PROVIDED ENTRIES below:
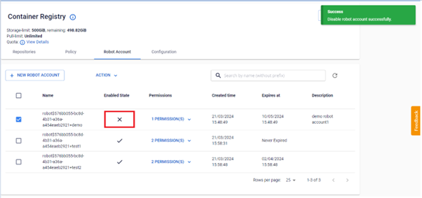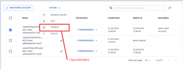Bước 1 : Tương tự như thực hiện Edit Robot Account, tích chọn Robot Account muốn disable, sau đó chọn ACTION DISABLE :
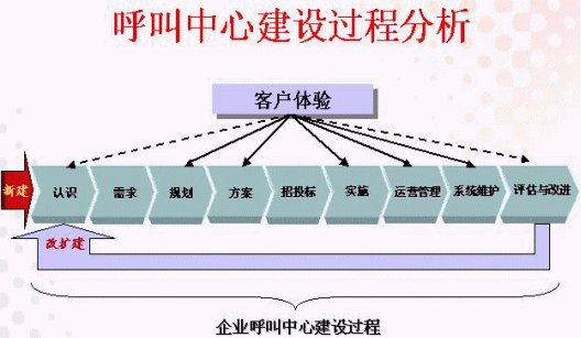 從以上的過程分析來看,無論新建或改擴建,企業(yè)都需要學(xué)習(xí)呼叫中心理念并加強認識、經(jīng)過可行性研究、現(xiàn)狀評估整理出需求、進行呼叫中心的戰(zhàn)略規(guī)劃、設(shè)計建設(shè)方案、進行招投標(biāo)確定系統(tǒng)集成商、考慮項目實施策略和方法、建立或改進運營管理和系統(tǒng)維護的體系等。
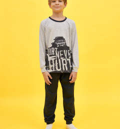 Стильный, уютный комплект, приятных оттенков без утеплителя и начеса. Подойдёт как домашняя одежда так и для для сна и отдыха. Комплект состоит из футболки с длинным рукавом и штанов свободного кроя на манжете, выполненных из мягкого трикотажа.
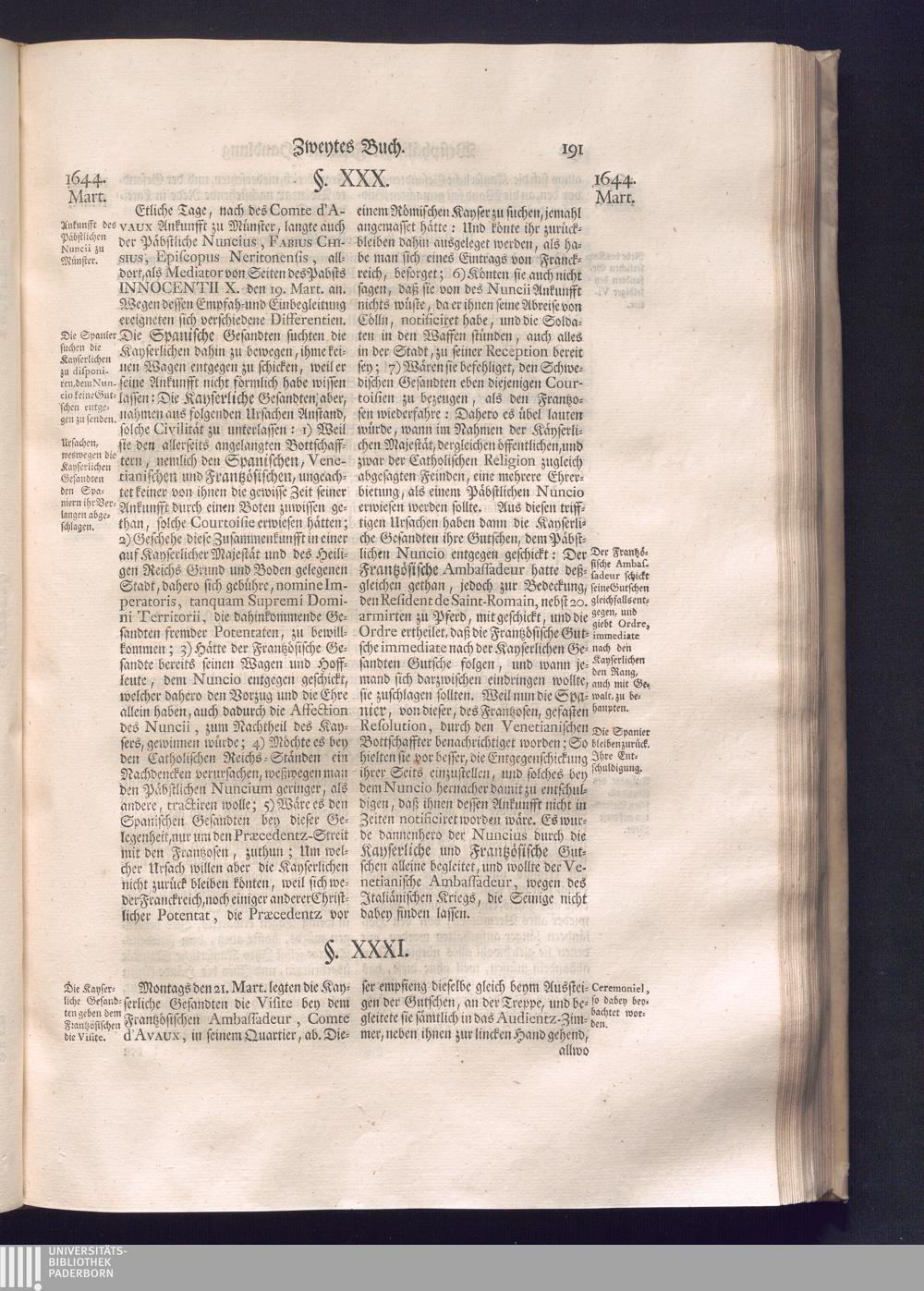 Erster Theil (1734) Worinnen enthalten, was vom Jahr 1643. biß in den Monath October Anno 1645. zwischen Jhro Römisch-Käyserlichen Majestät, dann den Beyden Cronen Franckreich und Schweden, ingleichen des Heiligen Römischen Reichs Chur-Fürsten, Fürsten und Ständen, zu Oßnabrück und Münster gehandelt worden
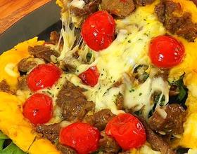 - 7. 蛋液往中间推。撒上芝士碎小火焖至芝士融化。
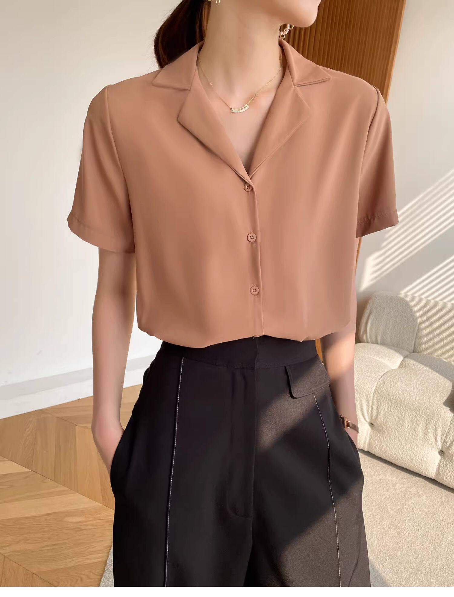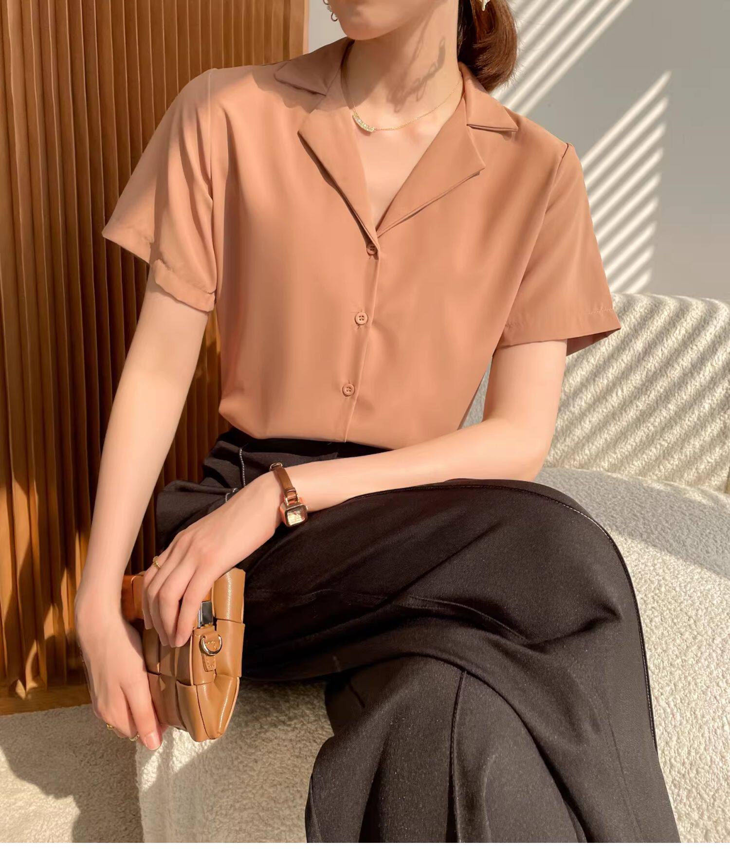 雪紡襯衫女短袖白襯衣通勤職業夏季白色職場面試春季穿搭正裝上衣
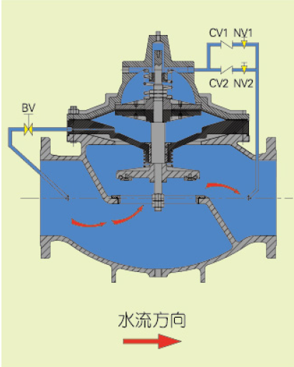 | 图D:水泵停止后,阀盘在感应弹及及水流作用下迅速关闭至90%,被阀杆上螺母挡住,以减小回流水锤,并留出缩口以泄放真空水锤。 | 图E:出口端高压水通过针阀NV2进入上控制腔,下控制腔的水通过BV流入进口端,针阀可以调节缓闭时间,以减小冰锤,阀门逐渐关闭至初始状态,等待下一次开泵。 |
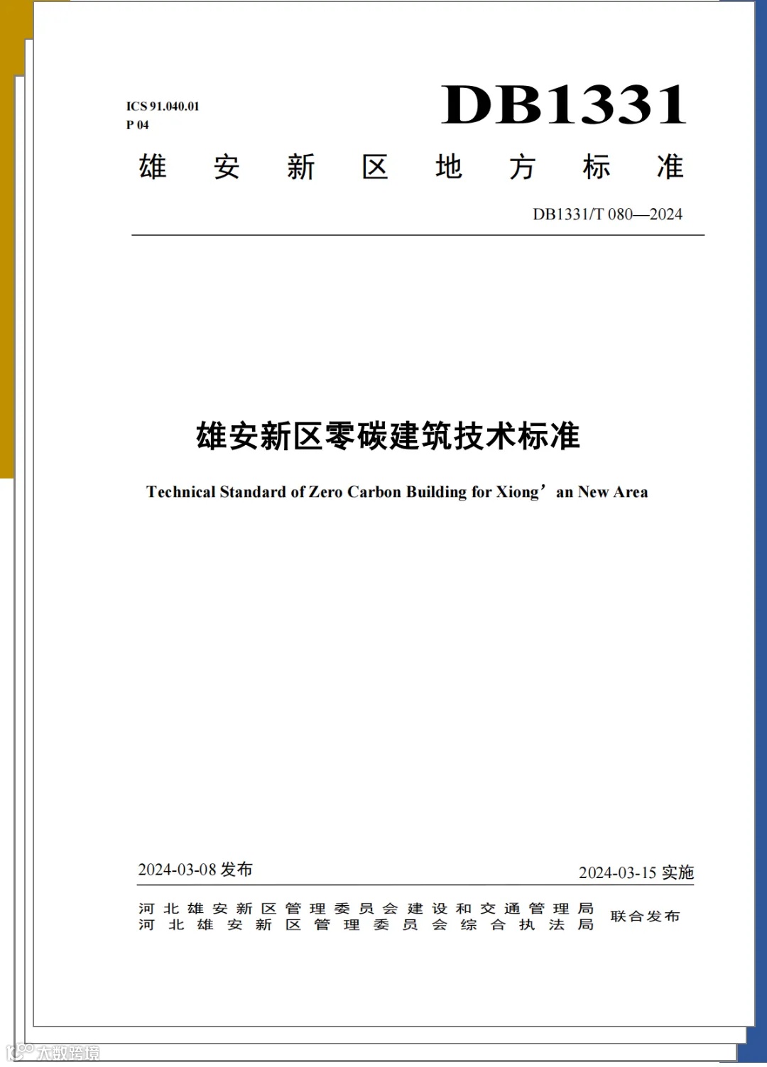 为顺应河北省建筑节能发展趋势,进一步相应国家“双碳”战略,近日,雄安新区发布实施《雄安新区零碳建筑技术标准》(以下简称《技术标准》)。(DB1331/T 080-2024)正式发布,该标准自2024年3月8日起实施。
End of PROVIDED ENTRIES.
> _YOUR ASSIGNMENT_: Quote only what lies between the first line of the records and the line containing "Erster Theil (1734)", please, including both lines and excluding images.

> _REPLY_:
Bước 1 : Tương tự như thực hiện Edit Robot Account, tích chọn Robot Account muốn disable, sau đó chọn ACTION DISABLE :
 從以上的過程分析來看,無論新建或改擴建,企業(yè)都需要學(xué)習(xí)呼叫中心理念并加強認識、經(jīng)過可行性研究、現(xiàn)狀評估整理出需求、進行呼叫中心的戰(zhàn)略規(guī)劃、設(shè)計建設(shè)方案、進行招投標(biāo)確定系統(tǒng)集成商、考慮項目實施策略和方法、建立或改進運營管理和系統(tǒng)維護的體系等。
 Стильный, уютный комплект, приятных оттенков без утеплителя и начеса. Подойдёт как домашняя одежда так и для для сна и отдыха. Комплект состоит из футболки с длинным рукавом и штанов свободного кроя на манжете, выполненных из мягкого трикотажа.
 Erster Theil (1734) Worinnen enthalten, was vom Jahr 1643. biß in den Monath October Anno 1645. zwischen Jhro Römisch-Käyserlichen Majestät, dann den Beyden Cronen Franckreich und Schweden, ingleichen des Heiligen Römischen Reichs Chur-Fürsten, Fürsten und Ständen, zu Oßnabrück und Münster gehandelt worden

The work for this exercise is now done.